The only argument that I can see really remains is that the collection and preparation of the samples were done in such as way as to not preserve the viruses (i don't recall seeing any info in the paper with regards to that part of the methodology.), but even this looks like a weak argument when some of the other aspects of the study are taken into account.

After reading it, I'm not surprised that the VIPdx have withdrawn their testing, based on the following conclusion in the paper:

"Based on these findings, we conclude that currently
available XMRV/P-MLV assays, including the assays
employed by the three participating laboratories that
previously reported positive results on samples from CFS
patients and controls (2, 4), cannot reproducibly detect direct
virus markers (RNA, DNA, or culture) or specific antibodies
in blood samples from subjects previously characterized as
XMRV/P-MLV positive (all but one with a diagnosis of CFS)
or healthy blood donors."


However, the conclusion of the paper was slightly more nuanced than I had been led to believe:

"However, we cannot definitively
exclude the possibility that the levels of XMRV/P-MLV
markers in blood may be at or below the limit of detection of
all assays and/or fluctuate over time as recently described in
experimentally infected macaque studies (22)."

http://www.sciencemag.org/content/early/2011/09/21/science.1213841.full.pdf

Thanks, Bob!

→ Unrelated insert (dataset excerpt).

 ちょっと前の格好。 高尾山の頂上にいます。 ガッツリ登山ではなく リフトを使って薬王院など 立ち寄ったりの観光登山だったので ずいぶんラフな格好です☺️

As always, I appreciate your summaries.

 

[Bob]

Hi Bob,

(I'm not cyber-stalking you, btw! I'm just interested in understanding this and teasing apart the different threads of the argument to try and improve my own understanding.)

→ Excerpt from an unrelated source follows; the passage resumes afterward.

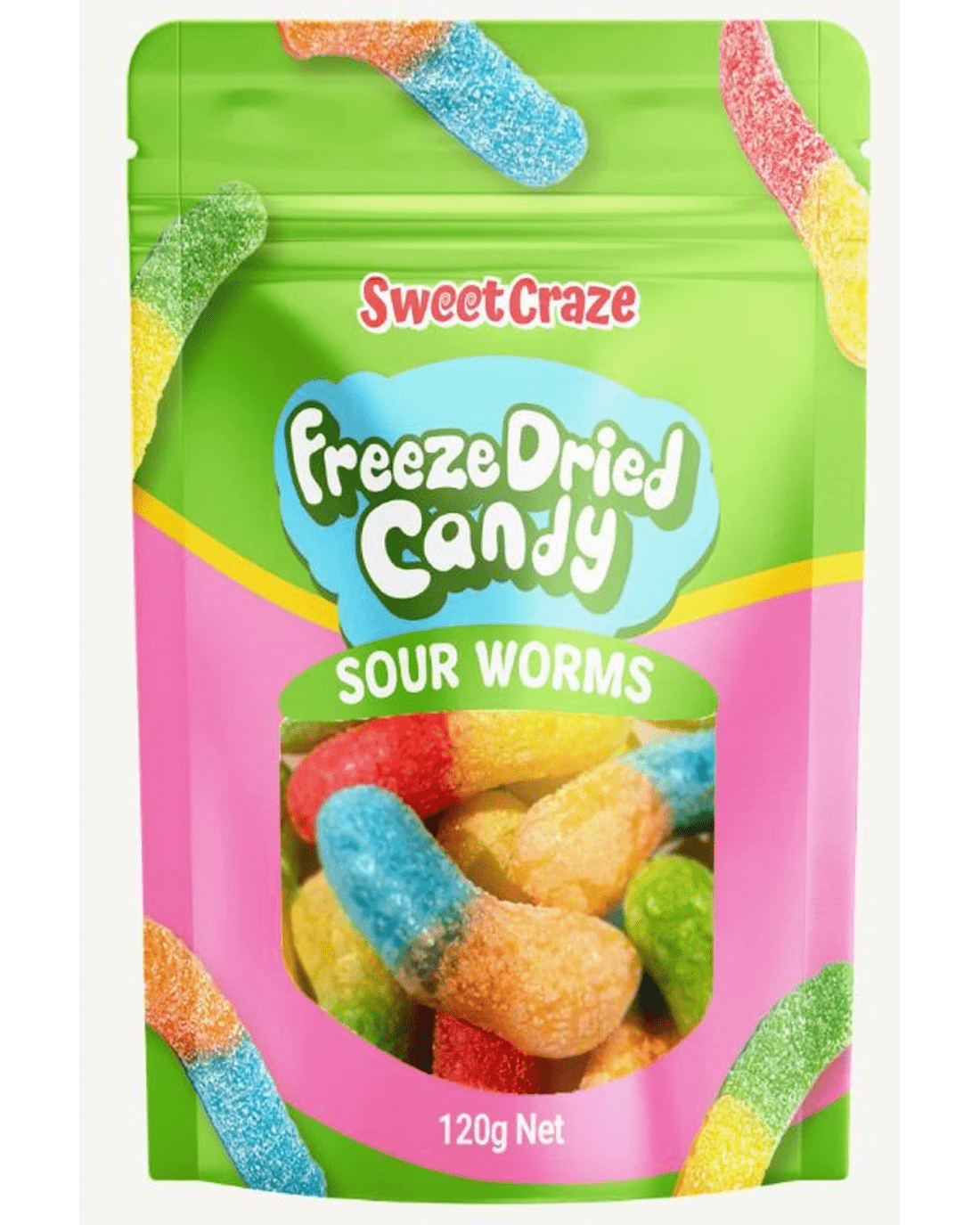 Sold by KmartSweet Craze Sour Worms Freeze Dried Candy 120g

If it's true that, somehow, the BWG failed to preserve the virus in the samples would this not, in fact, be evidence that Frank Ruscetti's lab is contaminated, given that he managed to culture virus from 9 out of 25 samples (6/15 controls and 3/10 patients)?

If there was no virus in the samples thanks to the BWG's careless handling, what exactly did he culture?

Sam

I agree Sam, that whatever way it's looked at, the results are poor.

And, yes, the fact that some labs found the negative controls to be positive is (just) one of the reasons that I think the results are so weak.

The study is more thorough than I thought it was going to be, and I was personally surprised at how poor the results are.

There's just no results in it at all that would lead one to think that the XMRV research is solid.

I've not yet been able to interpret all of the BWG study for myself. I've got to read it again.



BTW Sam, I know you are cyber-stalking me really!

 

[Firestormm]

I also need to re-read the paper, but I am still concerned about the significance now of those 'tests' commercially available which supposedly told patients they were 'XMRV positive'.

You have a view on that at all Bob? Only it strikes me that all these labs in BWG were able to use any assay or detection method they liked (see Contamination also from Prof Racaniello). So surely they would have used the same assays etc. as were being used for patient testing?

Anyway, it seems I have more (not less) reading to do as always. Almost a full-time job sometimes isn't it?!

 

[redo]

Because of the thread here yesterday, where I talked about the BWG study not using Trizol or any other preservatives, I asked Dr. Mikovits yesterday questions via email, and she responded. I think that her answer is very important.
This was my question:


And this was her answer:


So, what Dr. Mikovits says is the following:
1) The purpose of the BWG was to develope a test that would suite testing the blood supply. That means that you cannot use whatever procedures you think are the best, you can use only procedures that would suite testing blood donations for the blood supply.
2) As opposed to that, the Lipkin study is designed to test whether the association of HGRV to ME/CFS is correct, and there the WPI would be able to do erverything (I think) as they want to.

Good info omerbasket. I haven't read the whole thread. So my question might be answered elsewhere, but did you ask her for permission to report the correspondence?

 

[Daffodil]

bob...ohhhh...hehe it makes sense now thanks!

isnt there a group who got 10 million to find our virus? surely someone will find it soon, between montoya, peterson, wpi, lipkin, etc etc. seems like an eternity to me but finally there is so much interest in us...all thanks to the WPI.